About six months ago, my doctor recommended a gastric sleeve operation for me to lose weight and get my pre-diabetes under control. I totally said no and nearly had a tantrum. It seemed tantamount to saying that I’m lazy, that I can’t lose weight on my own. I started telling myself that if only I’d just exercise more and eat less I could keep the pounds off. My doctor talked me down, pointing out that I did exercise and eat pretty healthy and was still struggling. She convinced me to go to an information session. So I began my journey. I attended classes and met with nutritionists, physical therapists, a psychologist, a hematologist, the doctor, and many others. I’ve had a variety of tests and done a ton of research, joined online groups to talk to people who’ve been through the surgery, and discussed this with my family.

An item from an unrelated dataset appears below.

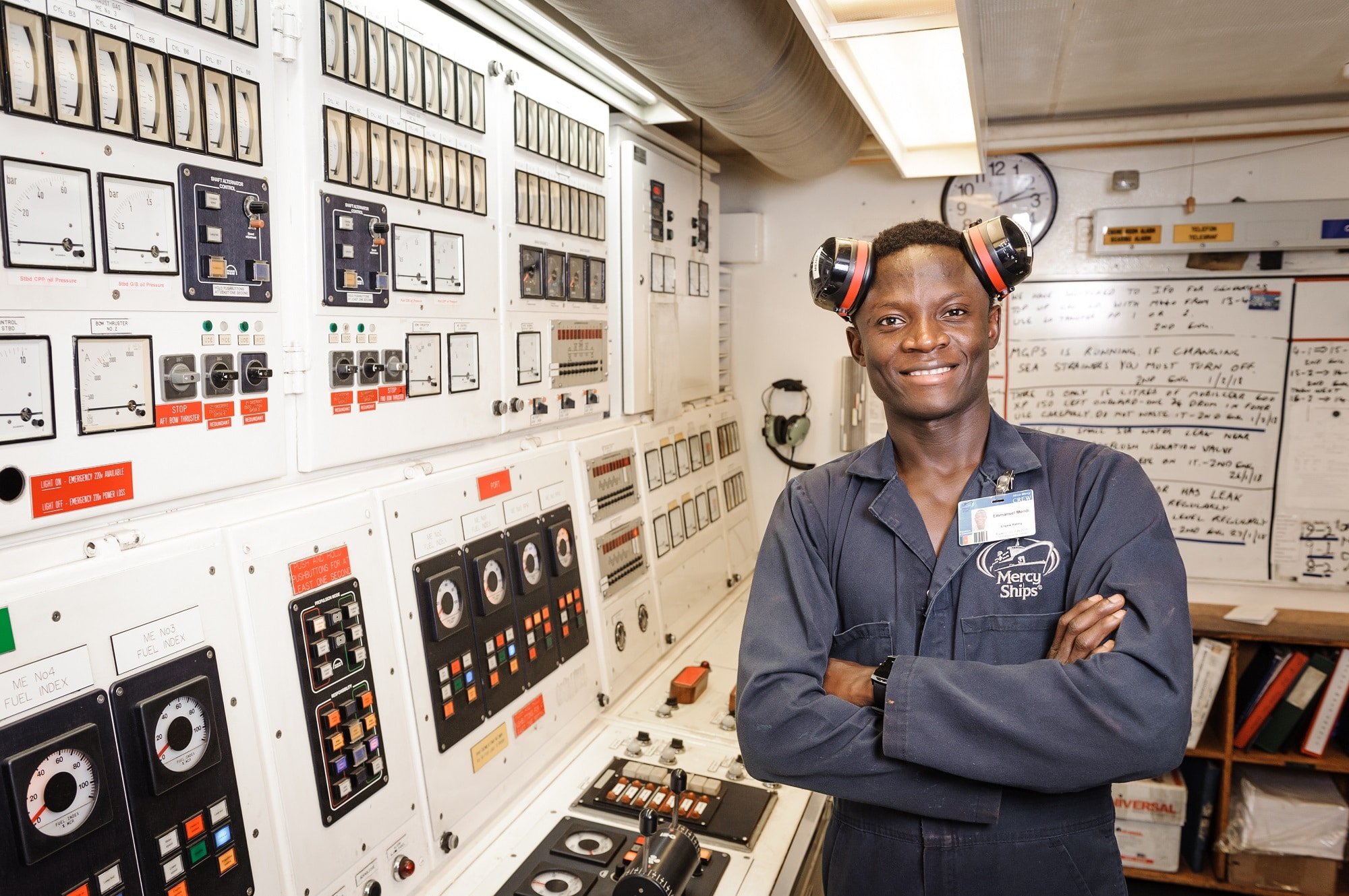 Maak bijvoorbeeld kennis met Emmanuel. Hij kwam voor het eerst aan boord van de Africa Mercy toen we in 2011 zijn geboorteland Sierra Leone bezochten. Emmanuel was toen een student boekhouding en kwam bij ons als assistent wachtmeester in de machinekamer. Twee jaar later besloot Emmanuel om fulltime in dienst te gaan en met het schip mee te gaan naar de volgende havens die we aandeden. Sindsdien is hij nooit meer weg gegaan! Momenteel werkt hij als vierde machinist.

So six months later, I’m about to have surgery. What does this mean, you might ask. Well, it involves laproscopic surgery to cut out 70-80 % of my stomach. After, I won’t be able to eat that much. I’ll follow a diet for awhile of liquids, then soft foods, then add in regular foods until I’m back to eating normal food. But I won’t eat as much, and I’ll have to focus on healthy choices so that I get full nutrition. And it turns out that they remove the part of the stomach that produces the hunger hormone ghrelin, which will help keep hunger under control. This surgery reverses diabetes. I had gestational diabetes and my A1C is high. I also have peripheral artery disease. This surgery will help with both.
This means a huge change in my eating habits. I will not be drinking carbonated anything again. I will need to drink constantly to stay hydrated. I have to chew at least 20-30 times a bite, and I can’t drink a 1/2 hour before or after eating. I have to take my time because it will be easy to overfill my stomach. I’ll need to take vitamins. I’ll have to make sure I get enough protein. My hair is likely to fall out until my body gets used to the change. I’m likely to be very moody as my fat releases hormones. My hair will grow back out and my moods will stabilize. I will likely lose at least 60-70% of my excess weight. I’ll need to carry a protein snack and water with me everywhere.
I’ve had to lose some weight in order to have the surgery and I have lost around 20 lbs. It made me wonder if I should have this surgery or not–can’t I just keep doing this? But here’s the problem. I’ve lost this weight before. Several times. I always plateau, and then the weight creeps back on. What this surgery does is get the weight off without killing the metabolism. My body will reset and I will be able to maintain weightloss so long as I continue to eat properly. I’ve been exercising every day for the last seven month or more, with only about a week off the entire time. Still hasn’t done much in terms of weight. I’ve also been following the diet they ask me to follow to prepare for surgery.
Some people say this is an easy out. Ha. Well, I thought that at first too, especially since I’m not that heavy. Or rather, I don’t look that heavy, but trust me, I have a lot to lose. But healthwise, I need it. The fact is that I want to be around for my family and I want to have as healthy an old age as I can. In fact, I want to put off old age for as long as possible.
I’ve been keeping this a secret from a lot of people, mostly because I’ve been a little embarrassed. Back to that feeling of laziness and why can’t I do it on my own? But that’s an insult to me and an insult to all the others who’ve fought long and hard and come to this decision and then fought through the surgery, the recovery, and all the rest that comes with is. Trust me when I say it’s not an easy out. It is, however, usually very successful for losing weight and so I’m grateful it’s an option.
I will likely keep posting about the journey. It begins this Weds, the 29th.
Best wishes, Di!
Best wishes! I have a friend who got a duodenal switch about 15 years ago and lost about 70 lbs. Her weight has crept up as she’s gotten older (she was in her 50’s at the time of her surgery), but overall she is much healthier and feels so much more energetic than she used to. The food regimen is hard initially, but after awhile, it just becomes second nature.
The programs that do this have implemented more education on nutrition and more followup and care in order to prevent the creep. Hopefully I’ll be able to get where I need to be and then maintain.
Good luck, Diane. I’ll keep you in my prayers.
Good luck. I had a bypass this past April. It has had some successes and some problems. For getting the diabetes under control I would call it a success, but I had extreme insulin resistance and now it’s just mild diabetes that is easily managed.
I had some problems and I’m not losing as rapidly as I’d hoped, but it is coming off slowly and the co-morbidities are all under control, so I’m telling myself it was a win over all. I’m not, however, a 100% cheerleader with it.
The people who say it’s the easy way are ignorant fools.
May it go smoothly and uneventfully and may your recovery be quick!